Trudno opisać drugi tom tak, by nie zdradzić części fabuły z pierwszego. Dlatego na tym etapie napiszę, że należy przeczytać pierwszy, by zrozumieć i mieć radość z drugiego. A teraz proszę osoby, które nie czytały pierwszej części o nieczytanie dalej.

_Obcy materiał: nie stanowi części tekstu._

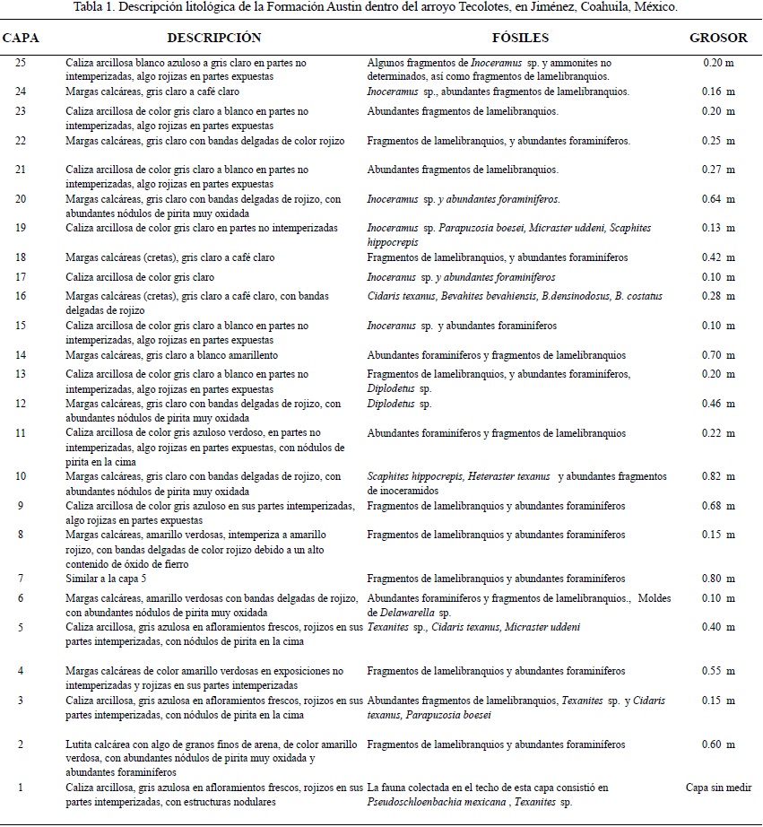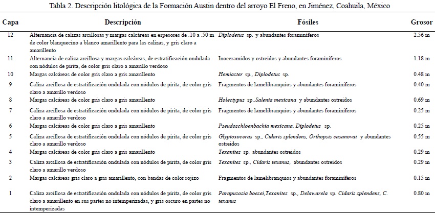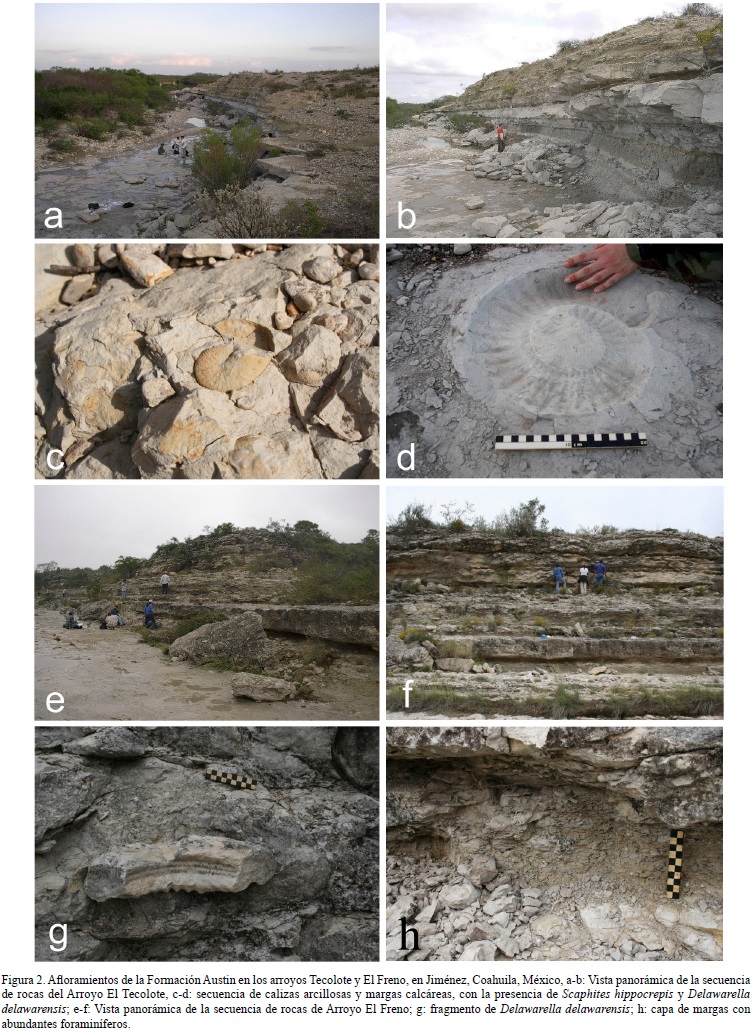 En las localidades de los arroyos El Tecolote y El Freno, Jiménez, Coahuila, se observa una predominancia calcárea desde la base de la sección hasta los primeros 3 m de la misma, siendo las margas más frecuentes hacia el techo del corte. De acuerdo a Carrasco (1969) estas características pueden asignarse a la Formación Austin, del Cretácico Superior. En diversos niveles de la sección (Figuras 3 y 4) se observa la presencia de los ammonites Scaphites hippocrepis y Delawarella delawarensis, que de acuerdo a Young, 1963 y Adkins, 1929, permiten asignar a la Formación Austin en el área de estudio al Campaniano Inferior.

Nina się zmienia, próbuje wyjść ze swej skorupy, choć wcale nie jest to łatwe. Ma jednak przy sobie przyjaciół. Choć i oni idą dalej, bo świat nie stoi w miejscu. I to z jednej strony jest dla Niny błogosławieństwo, bo czas może nie leczy ran, ale pomaga na tęsknotę, ale jednocześnie przekleństwo, bo przydałoby się iść dalej. To piękna opowieść o wierności, nawet po śmierci, o próbie układania sobie życia bez zamykania rozdziału. To też opowieść o próbie zawierzenia drugiej osobie i o ogromnej dozie niepewności, którą można nosić w sobie. Nina ma podwójny powód, jest wszak czarownicą, a słowa babci o tym, że czarownice mają problem z prawdziwym uczuciem, cały czas tkwią w jej pamięci. Zawsze z tyłu głowy jest myśl, że ktoś został zaczarowany. A Kordian nie popuszcza. Dodatkowo niepewność budzą obrazy mężczyzny. I choć wierzy mu, że ją wyśnił, to całość jest naprawdę nie z tej ziemi.

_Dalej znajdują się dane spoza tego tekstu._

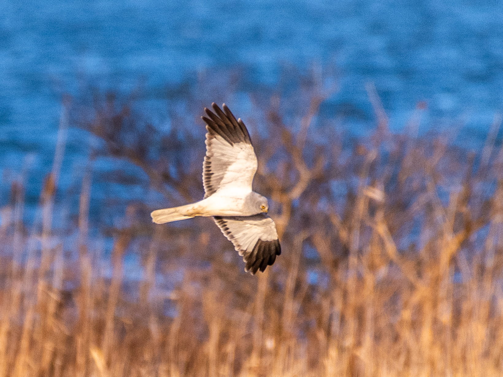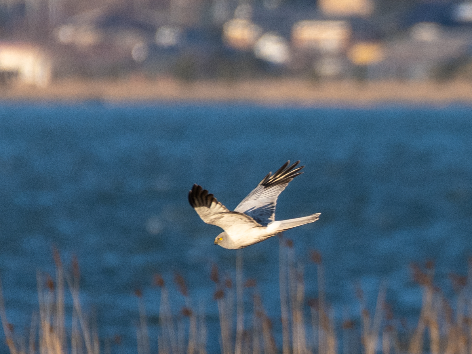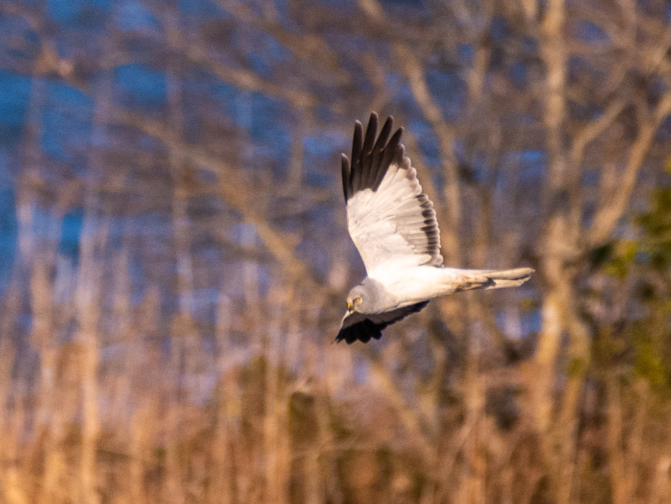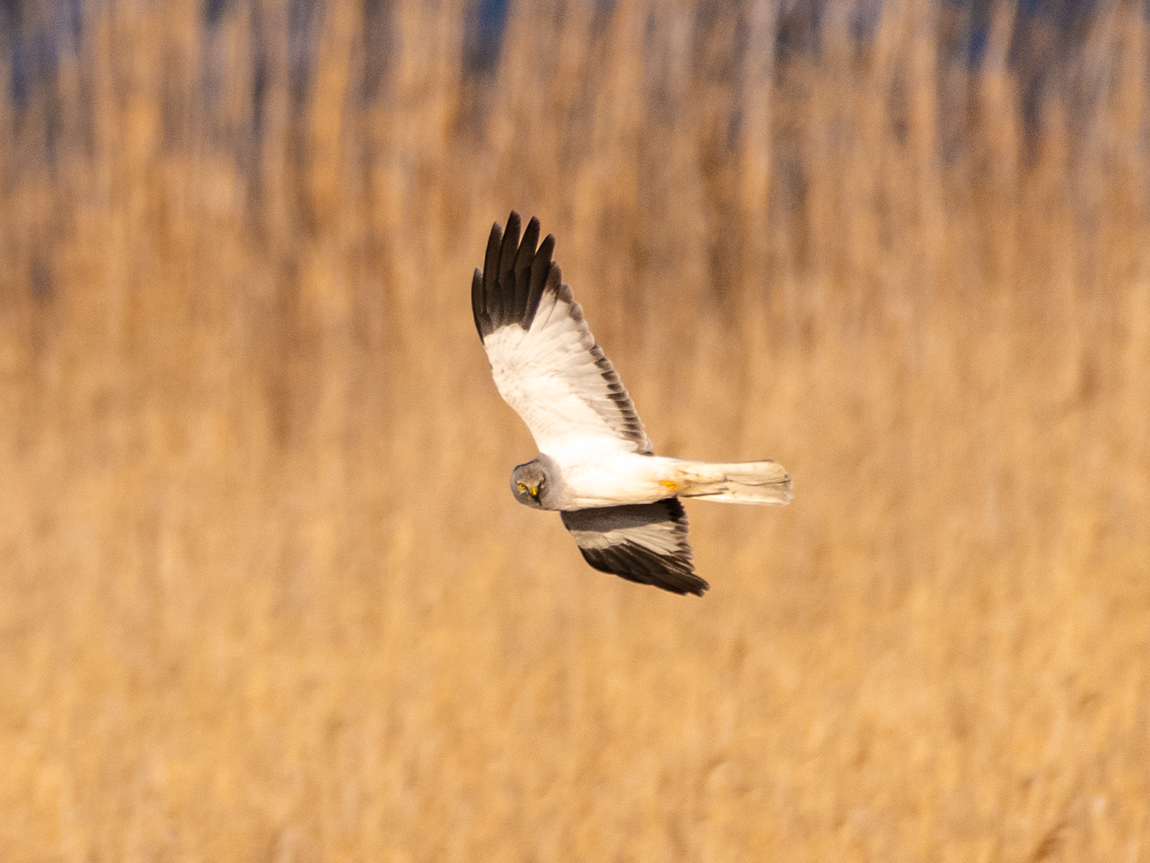 この日は16時前にハイイロチュウヒ・オスが一羽登場しました。比較的明るい時間帯のため、画像も多少スッキリしたものになりました。

To nie jest książka dla osób, które nie wierzą w zjawiska nadprzyrodzone. Nie znajdą w niej przyjemności, choć z mojej strony serdecznie zachęcam je do sięgnięcia po ?W blasku dnia?. Wszak miłość też ma w sobie magię, a o niej chętnie czytamy. Dla mnie ta powieść jest, jak z bajki, ale takiej, w której bez problemu można się znaleźć. To nie jest wielka magia, raczej jej subtelna odmiana, wnosząca nadzieję, radość i promienie słońca w szarą rzeczywistość. A jednocześnie jest szalenie życiowa, bo każdy z nas może się borykać ze stratą, odrzuceniem, czy wykorzystaniem przez innych. Ten tom jest ogromnie emocjonalny. Rodzi mnóstwo pytań. Czy można być szczęśliwym, jak już kiedyś miało się szczęście na własność? Jak zbudować życie, kiedy runęło, zanim naprawdę się zaczęło? Dodatkowo autorka nie oszczędza swoich bohaterów, a końcówka zrodziła we mnie naprawdę brzydkie uczucia. Tak się nie robi, nie wolno tak traktować swoich bohaterów i czytelników. Myślałam, że serce mi wyskoczy. Jednak dla mnie to też taki moment przełomowy, takie odczarowanie rzeczywistości, gdy wszystko wskakuje na swoje tory. Bez tego nie byłoby pełnego zamknięcia historii.
Będę wracać do historii Niny. By poczuć magię, by znaleźć odpowiedzi na pytania, które pojawiają się na różnych etapach życia, by poczuć, że zawsze jest jakieś wyjście. A sceptykom powiem, że każda bajka ma ziarno prawdy.